The Pitch

Here’s the standard pitch I use when hunting for a job. I’ve gone back and forth between super short: “Here’s my resume. Please review it and call me.” and fountains of jargon laden prose like this. I’m not really certain which works better; but I certainly prefer the longer version.

I have more than a decade of C++ development and eight years of software architecture experience. In addition, I have more than five years of technical leadership experience, including roles as Product/Development Manager, Project Manager, and Technical Lead. I am accustomed to delivering the nearly impossible on time and often under budget.

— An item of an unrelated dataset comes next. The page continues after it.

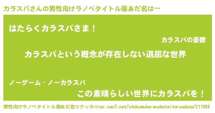 | ヘコむあだ名 | 『カラスバ(笑)』『カラにゅー』 |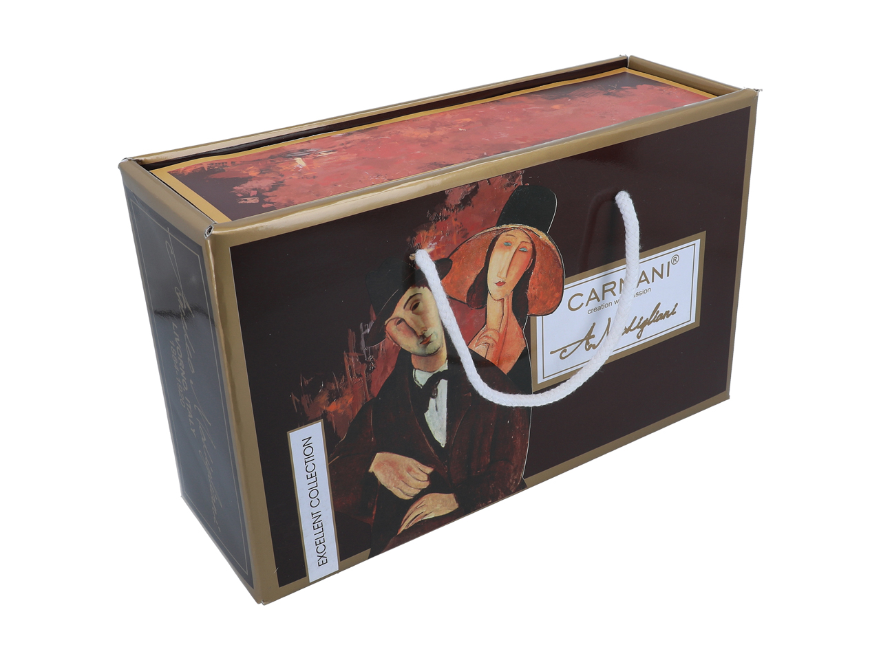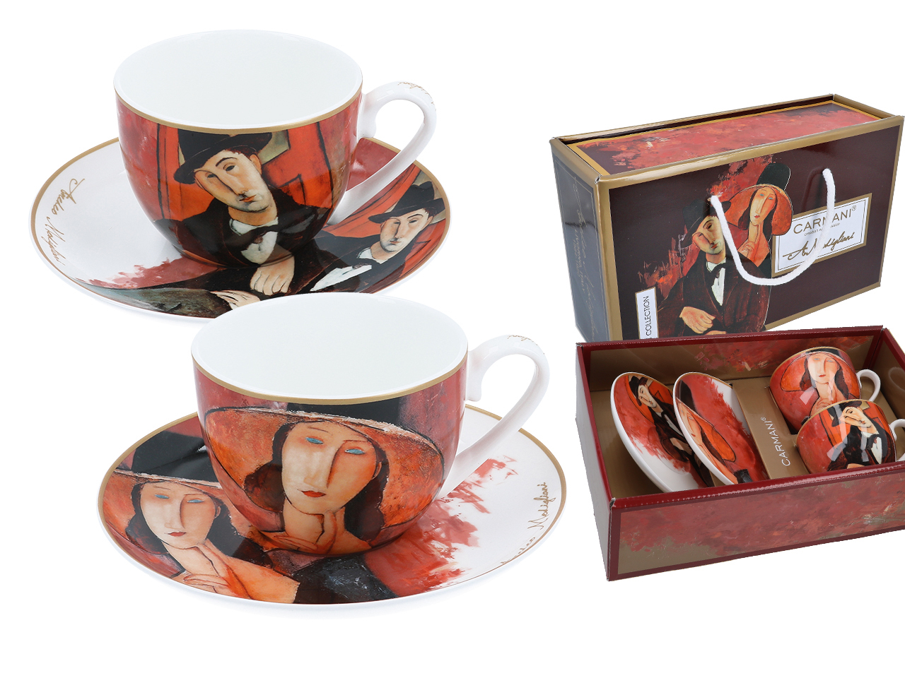 Komplet dwóch filiżanek z podstawkami inspirowany malarstwem Amedeo Modiglianiego (1884 - 1920) to elegancki zestaw o artystycznym charakterze. Charakterystyczne, rozpoznawalne motywy w ciepłej czerwonej tonacji nadają całości wyrafinowany, dekoracyjny wygląd. Zestaw umieszczony jest w ozdobnym pudełku z uchwytem, które podkreśla jego prezentowy charakter.

My development and architecture experience spans the gamut from embedded systems (a long, long time ago) and shrink wrapped software development to distributed object-oriented web-services running on Unix (Linux/Solaris) and Windows NT. My peers consider me to be an expert in C++, because I am not only experienced with, but comfortable with the most obscure and complicated features of the language. I lead the effort within one employer to convert their enterprise knowledge management application from a home-grown collection library to use the C++ Standard Library (aka STL). In addition, I have extensive experience developing modern web applications; and I am accustomed to using the latest features of HTML, Javascript and Cascading Style Sheets while retaining graceful degradation in legacy browsers.

When designing systems, I value elegance and correctness over expedience; but I am always keenly aware of the business needs behind every project. Therefore, sometimes elegance and correctness must give way to expedience; however, I am adamant that I will only deliver a quality product. As an early adherent to the design patterns methodology, I developed a sophisticated page layout engine for the Sierra MasterCook application. The simplicity and self documenting nature of my design offered considerable cost savings by making future development both easier and less time consuming.

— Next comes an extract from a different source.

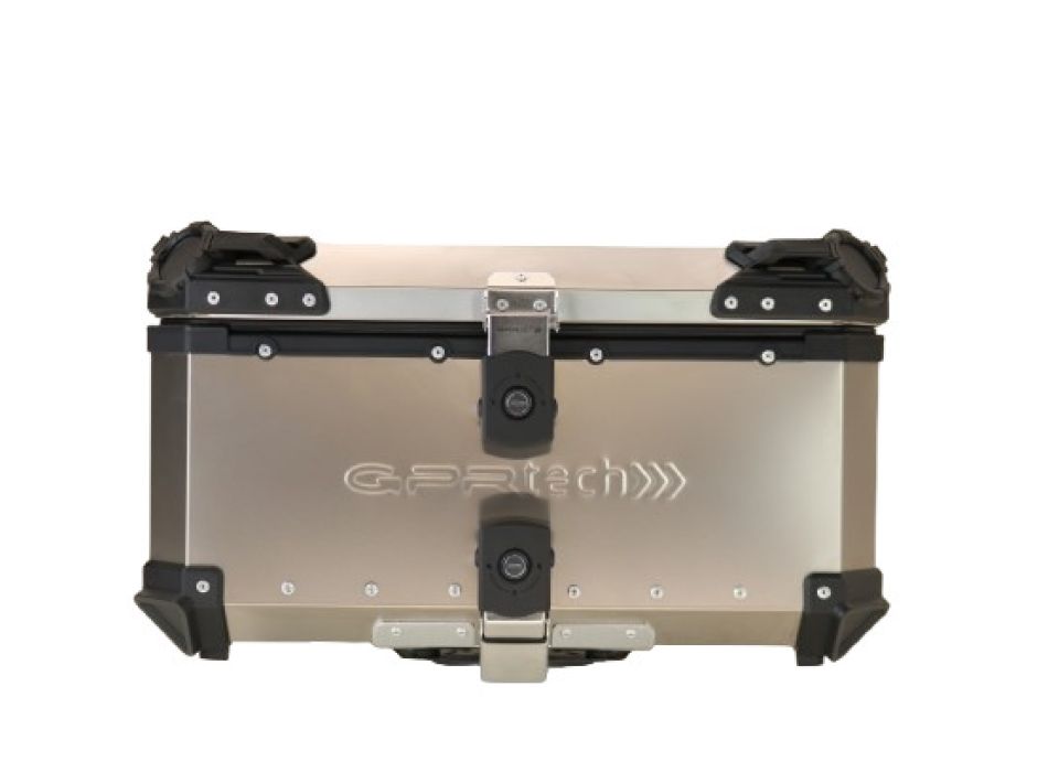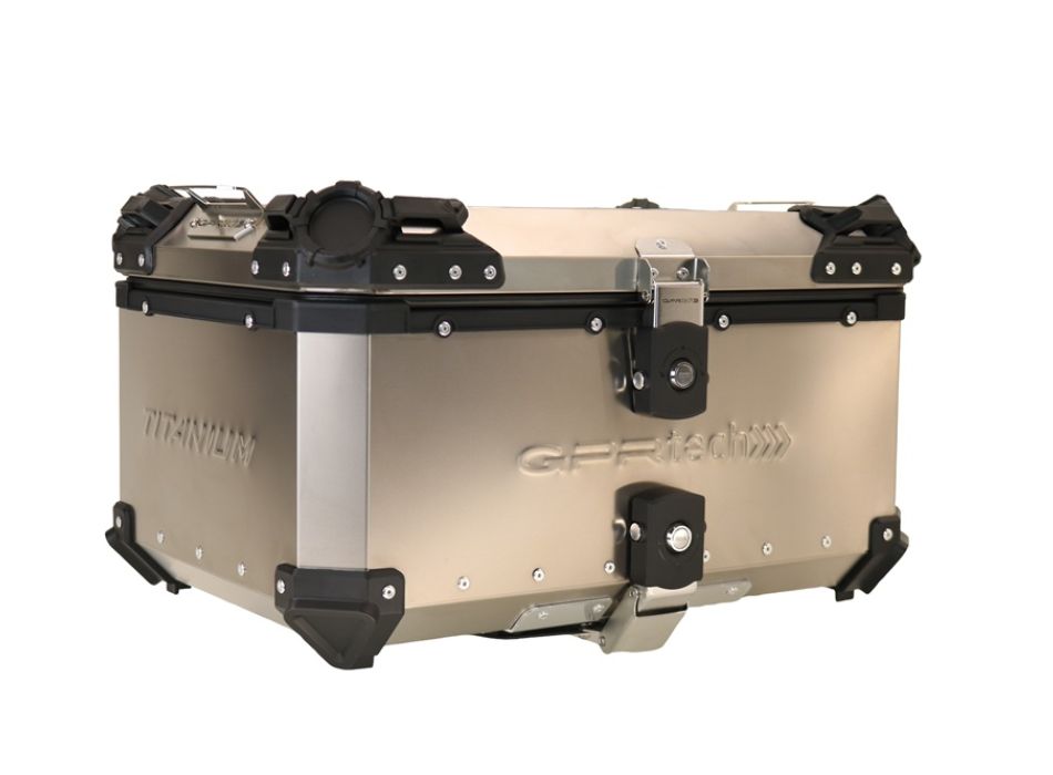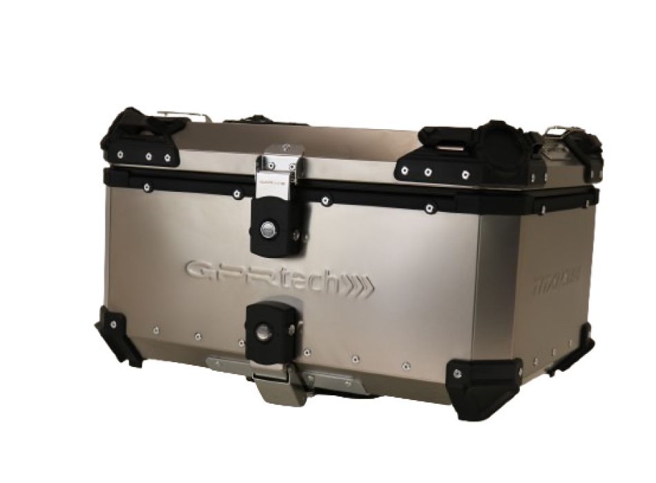 Bauletto GPR TECH TOP CASE ALPI-TECH capacità 55 Litri, realizzato in Titanio Astm gr.1 , colore titanio naturale,la dimensione permette la custodia fino a due caschi,la piastra specifica e bulloneria/staffe sono incluse. Il bauletto GPR TECH comprende una fodera estraibile e lavabile per la protezione del casco e la piastra offre numerosi punti di ancoraggio. Si possono acquistare separatamente la protezione schienalee soprattutto gli adattatori specifici per il portapacchi originale. Può contenere due Caschi 13740 13741 13742 13743 13744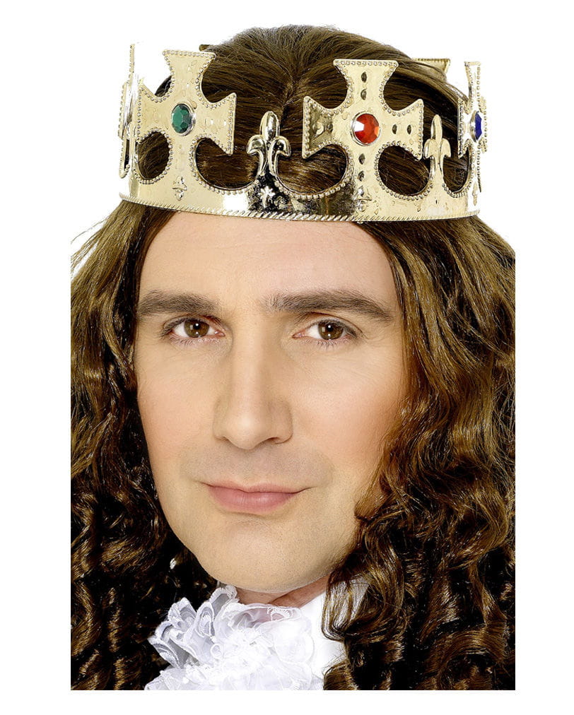 Mit Schmucksteinen verzierte königliche Krone Königliches Kostümzubehör für Halloween und Fasching Die Mit Schmucksteinen verzierte königliche Krone gebührt wahrlich nur einem König uhd sieht sehr edel aus. Die Königskrone ist seit jeher das Symbol des Adels und des von Gott ausgewählten Herrschers. Die Krone rundet dein Kostüm als Herrscher des Landes ab. Die goldene, größenverstellbare Krone aus Kunststoff ist mit großen Kreuzen, die mit blauen, grünen und roten Schmucksteinen bestückt sind, verziert. Zwischen den Kreuzen ist die französische Lilie auf der Krone zu sehen, die nur von französischen Königen oder Personen, die sich um den König verdient gemacht haben, werden darf. Lieferumfang: 1 x Mit Schmucksteinen verzierte königliche Krone Farbe: gold Größe: Einheitsgröße Material: Kunststoff Die Krone macht dich zum König für eine Nacht. Achtung: Der Artikel ist ein Kostümzubehör für Erwachsene und kein Spielzeug. Nicht für Kinder unter 3 Jahren geeignet. Kann Kleinteile enthalten, die verschluckt werden können – Erstickungsgefahr. Von Feuer und offenen Flammen fernhalten.

My most recent experiences, at International Biometric Group, InfoSpace, Primus and iTango, have all been with n-tier systems running on Solaris/Linux or Windows NT. Prior to leaving Primus, I designed an n-tier XML web-service based architecture for their web products. One of the first components in this effort was a complete unit testing framework, because I believe thorough testing is not only the responsibility of the QA team. This system pioneered within Primus the separation of business and presentation logic. In addition, it directly addressed the scalability issues customers had been raising.

I’m open to suggestions for refinement. However, don’t just tell me how bad my grammar is (Bradley).